Cabozantinib

General Information

Cabozantinib Impurities and Cabozantinib 

Daicel Pharma synthesizes Cabozantinib impurities of exceptional quality, such as Cabozantinib monohydroxy sulfate, Cabozantinib N-oxide, Cabozantinib amide cleavage product, CBT Dimer, CBT 2-fluoro, CBT 3-fluoro, and so on. These impurities are crucial to assess the purity, reliability, and safety of Cabozantinib, an active pharmaceutical ingredient. Besides, Daicel Pharma provides custom synthesis of Cabozantinib impurities to meet clients’ demands for delivery worldwide.

Cabozantinib [CAS: 849217-68-1] is a small molecule receptor tyrosine kinase (RTK) inhibitor that can fight cancer. This potent antineoplastic agent treats advanced forms of medullary thyroid cancer and renal cell carcinoma resistant to other treatments. Cabozantinib is a promising therapeutic option for patients with metastatic cancer.

Cabozantinib: Use and Commercial Availability  

Cabozantinib treats advanced cancer like metastatic medullary thyroid cancer and advanced renal cell carcinoma in patients previously undergone antiangiogenic therapy. Additionally, it is approved for use in patients with advanced hepatocellular carcinoma treated with sorafenib. Cabozantinib is available under two brand names: Cabometyx and Cometriq.

Cabozantinib Structure and Mechanism of Action

The chemical name of Cabozantinib is N′-[4-[(6,7-Dimethoxy-4-quinolinyl)oxy]phenyl]-N-(4-fluorophenyl)-1,1-cyclopropane dicarboxamide. Its chemical formula is C₂₈H₂₄FN₃O₅, and its molecular weight is approximately 501.5 g/mol.

Cabozantinib inhibits the tyrosine kinase activity of receptor tyrosine kinases. They inhibit tumor growth and lead to tumor regression.

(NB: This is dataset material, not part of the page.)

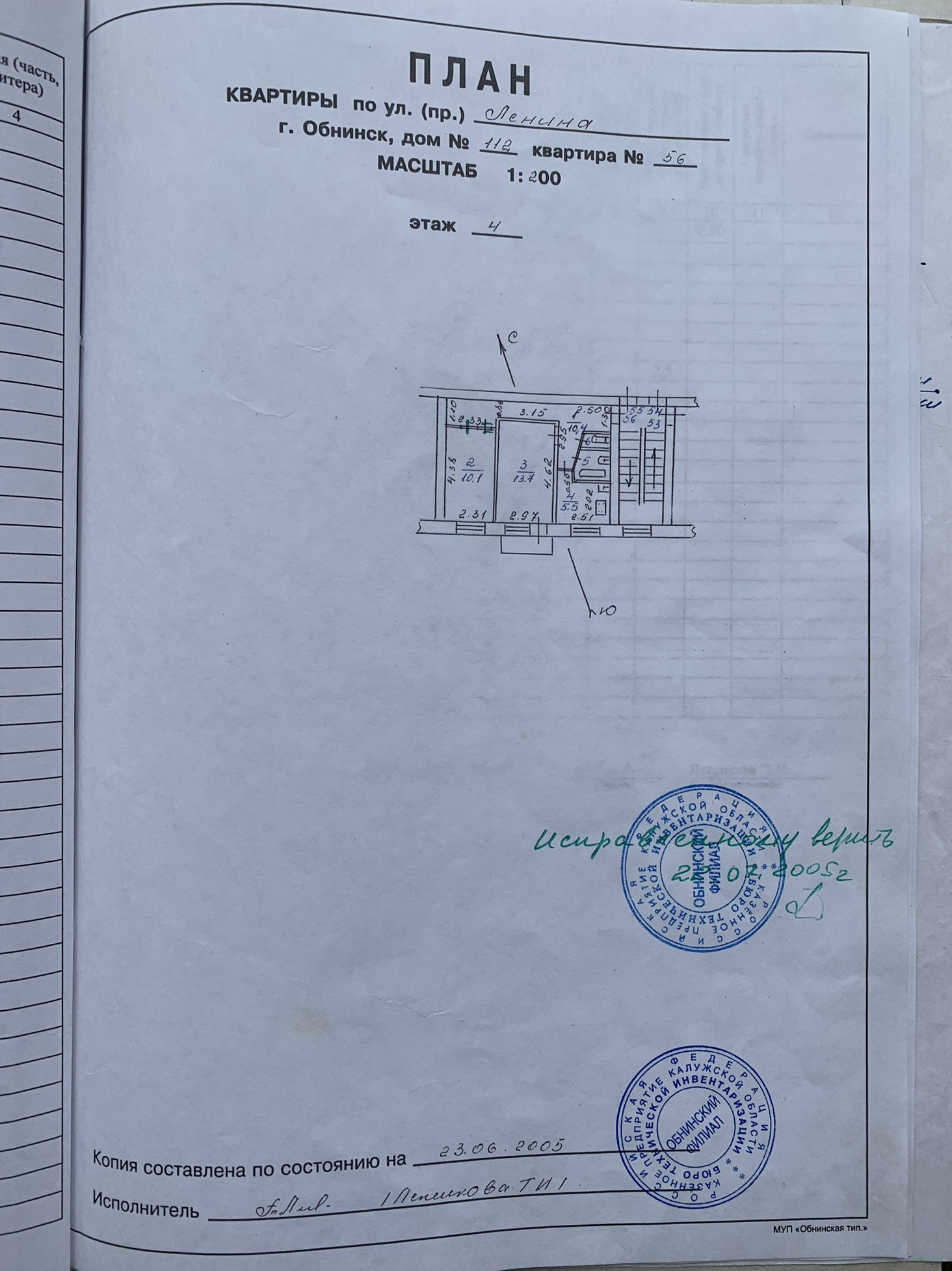 Перепланировка узаконена (изменён вход в дальнюю комнату).

Cabozantinib Impurities and Synthesis

During the manufacturing¹ of Cabozantinib, impurities form that can be unwanted or potentially harmful. It needs control to ensure the safety and efficacy of the final product. Cabozantinib impurities form through several reactions, like oxidation, hydrolysis, and photolysis. Methods such as process optimization, purification, and analytical testing help control and minimize the formation of impurities in Cabozantinib.

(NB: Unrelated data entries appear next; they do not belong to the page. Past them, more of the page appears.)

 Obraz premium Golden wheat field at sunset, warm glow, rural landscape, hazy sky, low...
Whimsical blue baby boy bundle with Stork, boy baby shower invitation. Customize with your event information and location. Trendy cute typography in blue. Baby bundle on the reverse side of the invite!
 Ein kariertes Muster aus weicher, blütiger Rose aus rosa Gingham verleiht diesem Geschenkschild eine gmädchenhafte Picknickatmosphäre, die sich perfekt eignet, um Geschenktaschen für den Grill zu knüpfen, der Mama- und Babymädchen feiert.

Daicel Pharma offers a Certificate of Analysis (CoA) for Cabozantinib impurity standards, such as Cabozantinib monohydroxy sulfate, Cabozantinib N-oxide, Cabozantinib amide cleavage product, CBT Dimer, CBT 2-fluoro, CBT 3-fluoro, and so on, generated from an analytical facility compliant with cGMP standards. The CoA includes a comprehensive characterization report comprising data from techniques like 1H NMR, 13C NMR, IR, MASS, and HPLC purity. Furthermore, on request, we can provide additional data like 13C-DEPT and CHN. Daicel Pharma can synthesize unknown Cabozantinib impurities or degradation products². A complete characterization report accompanies every delivery.